__About this exercise__
A single number is the answer here: how many lines below include "more"?

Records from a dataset
————————
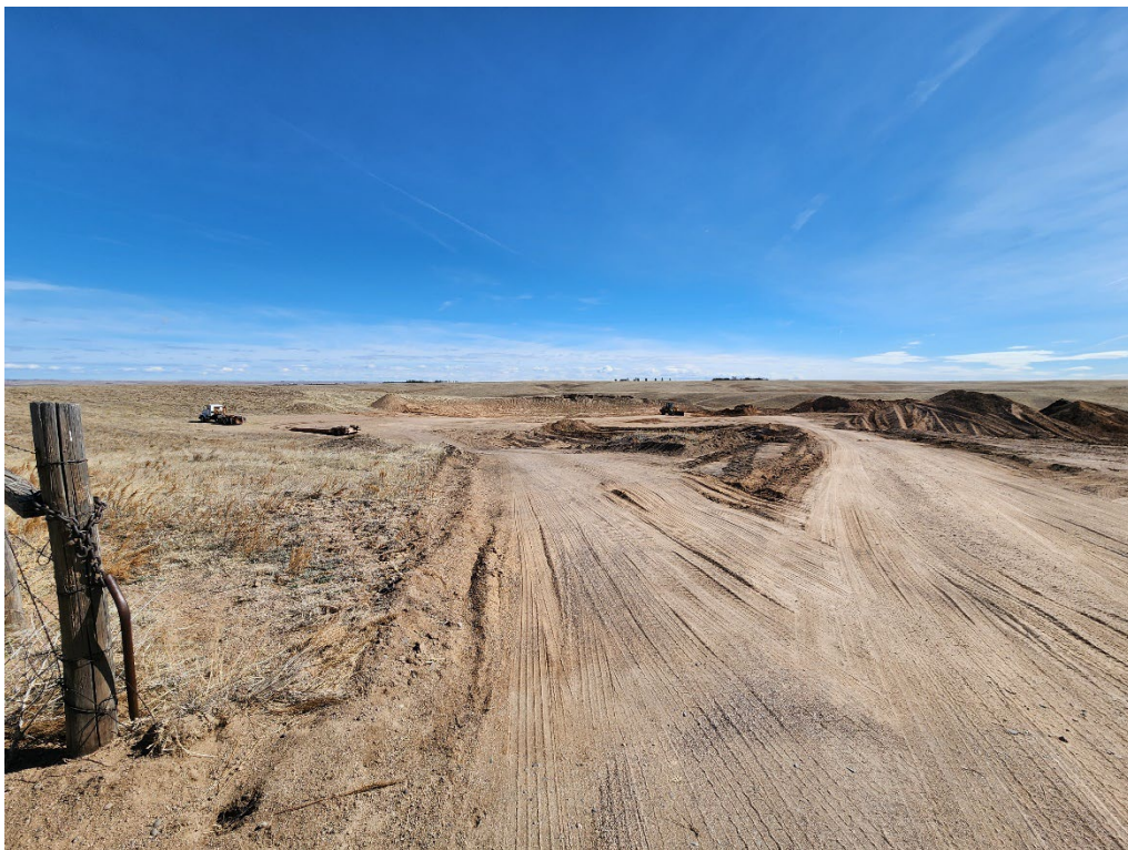
Photo 2. Mine entrance, looking east.
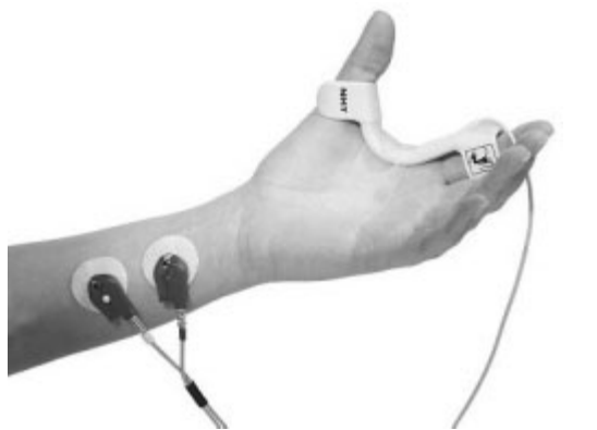
FIGURE 2: NMT-mechanosensor: a flexible plastic device is applied to the thumb to mimic a MMG-like preload. Recording displays columns and percentages of control amplitude.

monitoring device on the market to objectively measure NMB during routine clinical procedures.
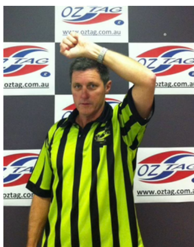
6 again (Stage 1)
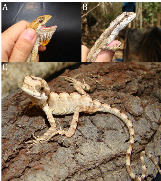
FIGURE 2. Specimens of Enyalius bibronii collected at Dizimeira and Serra Nova, municipality of Tenente Laurentino Cruz, state of Rio Grande do Norte, Brazil. A) Lateral view of gular flap of adult female (CHBEZ 2929); B) Adult male Enyalius bibronii (CHBEZ 2926); C) Juvenile of Enyalius bibronii (CHBEZ 3210).
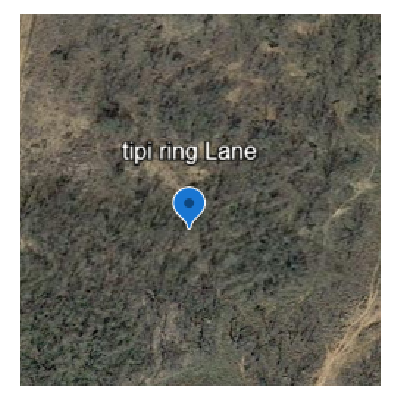
Click to learn more about Santa Anna, TX: <a href="http://www.santaannatxchamber.com/">http://www.santaannatxchamber.com/</a>
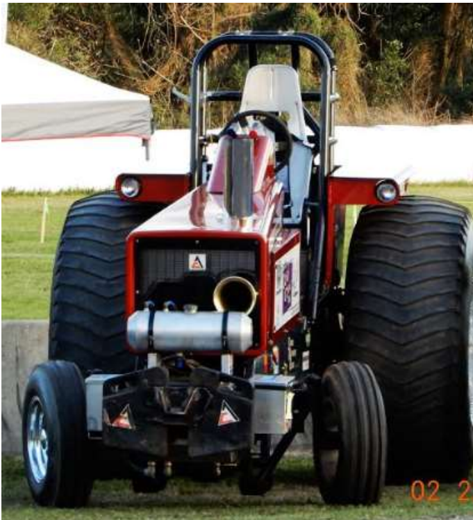
A tractor at the Farm Fest 2-22-2019.

If you know of a child that wants to go to summer camp have them check out Camp Osprey which will be held at the Masonic Park and Youth Camp next summer, this will help Camp Osprey as well as the Masonic Park.
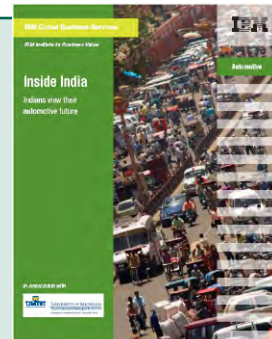
COVER ART: COURTESY OF UNIR/AAO AND IBM
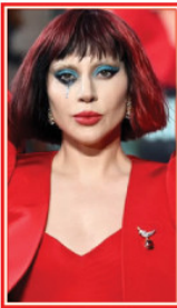
Lady Gaga Falls Short of Outshining 'Gina Riley's Iconic Take' on 'The Joker'?
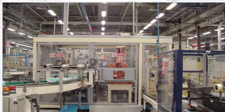
Reparto Pannolini e Salviettine
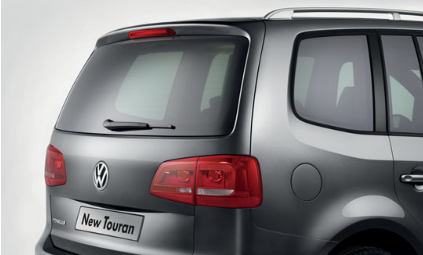
The rear design of the new Touran has been remodelled to reflect contemporary styling, with a body-coloured bumper and integrated roof spoiler giving more definition to the bodylines, and a gently curved boot lid enhancing the exterior dynamics. Two part lights complete the rear styling, adding a touch of elegance and refinement, and giving the new Touran its distinctive identity.
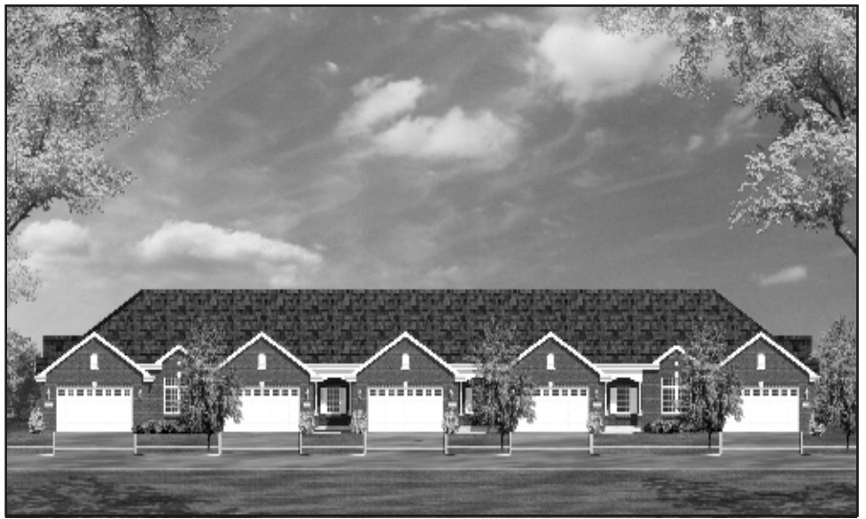
This is the artist rendering for Cedar Pointe, located at 193rd Place.
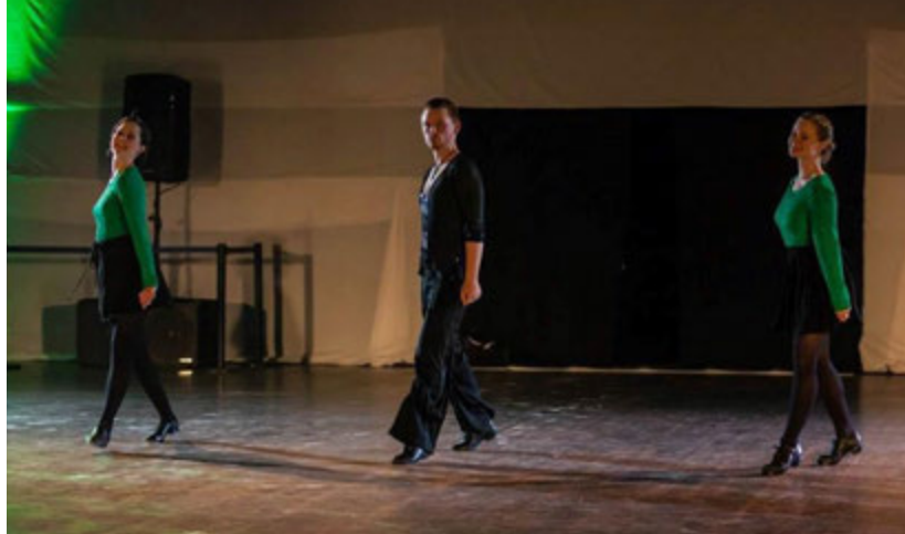
Irish dancing at the Ballroom Showcase Around the World in 80 Minutes (Representing Ireland)
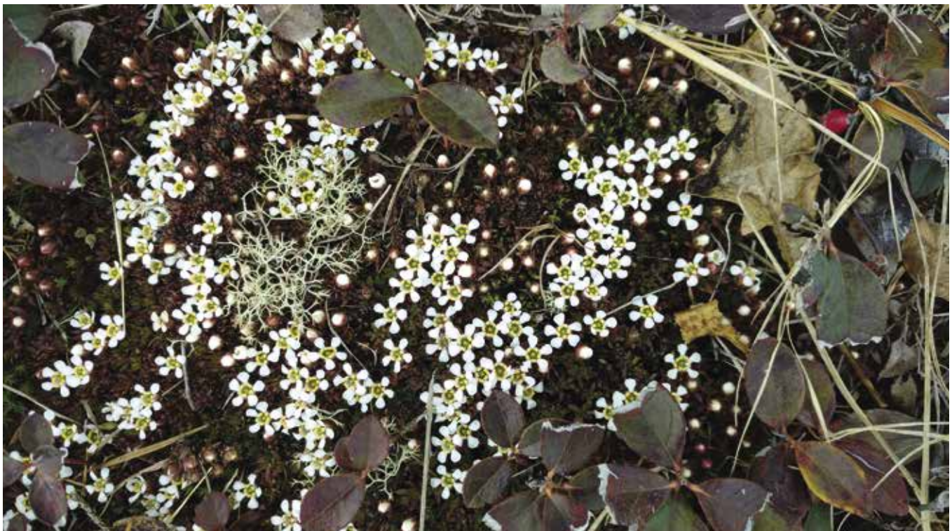
Figure 1. From bare soil to a complex ecological community in 22 years. This 2017 photo reveals the high plant diversity at the Freeman Avenue site. Pyxies have delicate white flowers and moss-like evergreen leaves. Interspersed among the pyxies (left of center) is a “reindeer lichen” known as Cladonia subtenuis. Encircling the pyxies is a ring of wintergreen (aka teaberry) plants ( Gaultheria procumbens), one with a red fruit. Dried needles of pitch pine ( Pinus rigida) and dried oak ( Quercus spp.) leaves decay and enrich the soil.

1 Chief Botanist, NY Natural Heritage Program, 2 Co-Chair, LIBS Conservation Committee
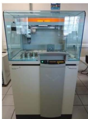
Figure 2. Apparatus Philips Axios 4KW (Imerys Steelcasting do Brasil laboratory)
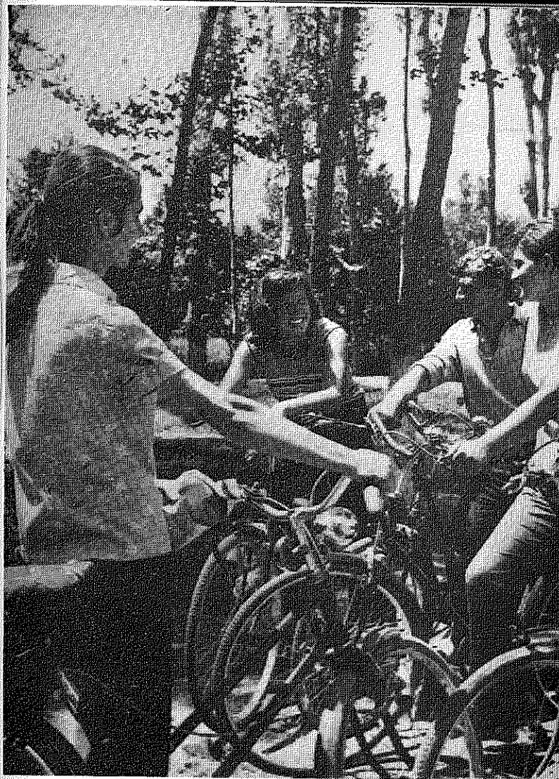
After work, a stroll round the cooperative.
————————
__Answer to the problem__
2